Ancora, nel suo percorso musicale c’è la dimensione individuale e quella sociale, c’è la possibilità di conciliare finalmente la tradizione della canzone politica con quella del cantautorato soggettivo ed intimista: “…dentro al tuo essere pubblico – dice Guccini – c’è anche la politica, e inevitabilmente esce da che parte stai”. E non manca la coscienza di come la sfera personale e quella politica si possano a volte inaspettatamente confondere, vedi il caso de “La locomotiva”, ballata popolare  di ben tredici strofe che Guccini assicura di non aver pensato come metafora politica ma che nondimeno è divenuta per i movimenti il simbolo stesso dell’utopia anarchica e rivoluzionaria. C’è il tema del rapporto tra generazioni, un rapporto particolarmente sofferto negli anni Sessanta e Settanta ma difficile anche oggi, che Guccini prende di petto quando, ancora ragazzo, sceglie di cantare le sue ballate nelle osterie popolari, al fianco di operai e pensionati. Un sodalizio tra generazioni che Guccini vivrà anche a parti invertite, quando accetterà di partecipare al film di Luciano Ligabue “Radiofreccia”, nel quale compare come un navigato barista, testimone delle passioni e delle intemperanze di quella comitiva giovanile che è protagonista del film. Il bar di Guccini è infondo il simbolo di un altro tema ricorrente, quello del rapporto tra il vizio genuino e in po’ ingenuo del bicchiere bevuto tra gli amici, e l’insidia della droga, che infilandosi in modo subdolo nei luoghi della quotidianità distrugge ogni forma di socialità, e che proprio tra la fine degli anni Sessanta e i primi anni Ottanta aveva flagellato il mondo giovanile levando energia al sogno politico di una generazione.

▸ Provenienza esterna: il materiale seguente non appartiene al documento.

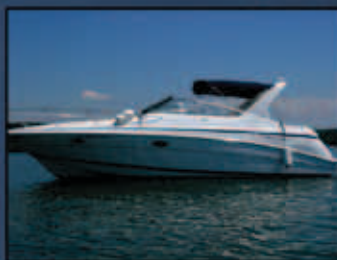
32' CHRIS CRAFT 1999 T/5.7L Volvo $59,900

Narrata con onestà e spirito libero, la vita di Francesco è un romanzo “on the road”, sia pure ambientato su e giù per la via Emilia. Un romanzo punteggiato da inevitabili imprevisti, glorie , e da piccole e grandi fregature. La prima volta che un giornale si accorse di lui – era la rivista “Ciao amici” alla metà degli anni Sessanta – lo fece parlando di Caterina Caselli, la cantante già famosa che dice il giornale “…si avvale della collaborazione di un giovane studente di ingegneria di Bologna, tale Francesco Puccini…”. Insomma, la prima grande occasione, sfumata nella beffa. Francesco la ricorda ancora oggi, con il gusto del paradosso, con quella ironia amabile e sottile di cui abbiamo ancora tanto bisogno.

Così come c’è bisogno che le nuove generazioni di cantautori imparino a scrivere testi e canzoni di spessore, leggendo le sue interviste e ascoltando la sua produzione musicale, sicuramente  più attuale e moderna  di quella di tanti “artisti di passaggio” dei giorni nostri. A scuola da Guccini, per  imparare che la poesia e la canzone possono, devono  parlare la stessa lingua.